As the race for the Democratic nomination has narrowed to two front-runners, Sanders has stepped up his criticism of Biden's “Yea” vote authorizing the Iraq War.

This week, he released an ad, tweeted, and pointed fingers in a post-Super Tuesday press conference in the senator’s hometown of Burlington, Vermont. 

“He was a leader getting us involved in the war in Iraq,” Sanders told reporters on Tuesday.

The war in Iraq, which officially lasted from 2003 to 2011, led to the death of an estimated 4,419 U.S. service members, according to the Department of Defense.
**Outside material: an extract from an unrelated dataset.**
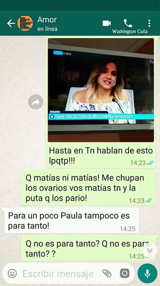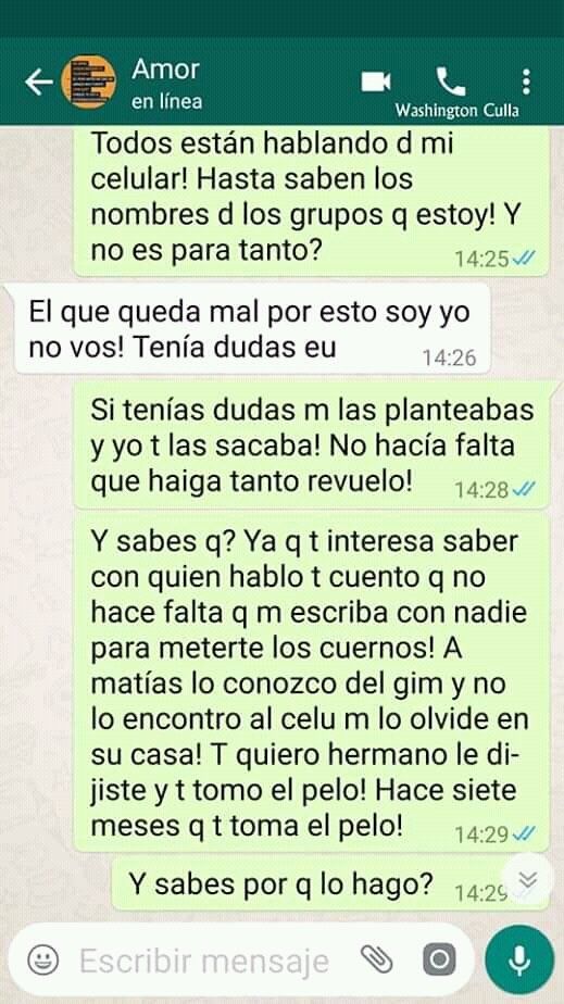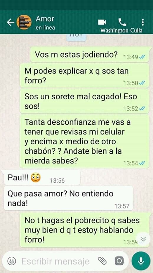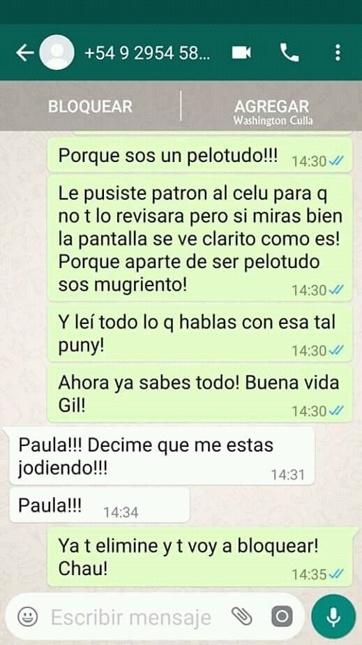 Ahora, parece que la novia se enteró lo que hizo el chico para saber con quién chatea y salió con los tapones de punta. ¡Agarrate Catalina! ¡Lo dejó!

The vote Sanders is talking about took place 18 years ago, during the 107th Congress.

The bill that started the Iraq War prompted contentious debate but passed with bipartisan support, despite opposition from now-House Speaker Nancy Pelosi and then-Rep. Bernie Sanders.

“The United States could set a precedent of a unilateral invasion of a country that could trigger disastrous results,” Sanders declared during a 2002 press conference. 

On the Senate side, the bill also received bipartisan support, with 29 Democrats voting to send it to the president’s desk.

Among them: Hillary Clinton, Chuck Schumer and, yes, Joe Biden.

But Biden, in a Senate floor speech the day before the bill passed, said use of force was a last resort.

“... there is no question that with regard to Iraq we have a real and growing problem,” Biden said. “But, I also believe that we have time to deal with that problem in a way that isolates Saddam [Hussein] and does not isolate the United States of America ... and that makes the use of force the final option, not the first one.”

In an interview with Newsy, President Barack Obama's 2008 campaign manager David Plouffe said he thought the vote would play a smaller role in 2020 than it did in 2008.  

“It’ll be a factor,” he said. “But I doubt it will be as decisive or certainly as important to voters as it was in our race ... just because of the time that’s elapsed.”

Still, Biden, the longtime chair of the Senate Foreign Relations Committee, is in good standing with many voters on foreign policy. A January Morning Consult poll showed more Democratic primary voters trusted Joe Biden to handle foreign relations than Bernie Sanders.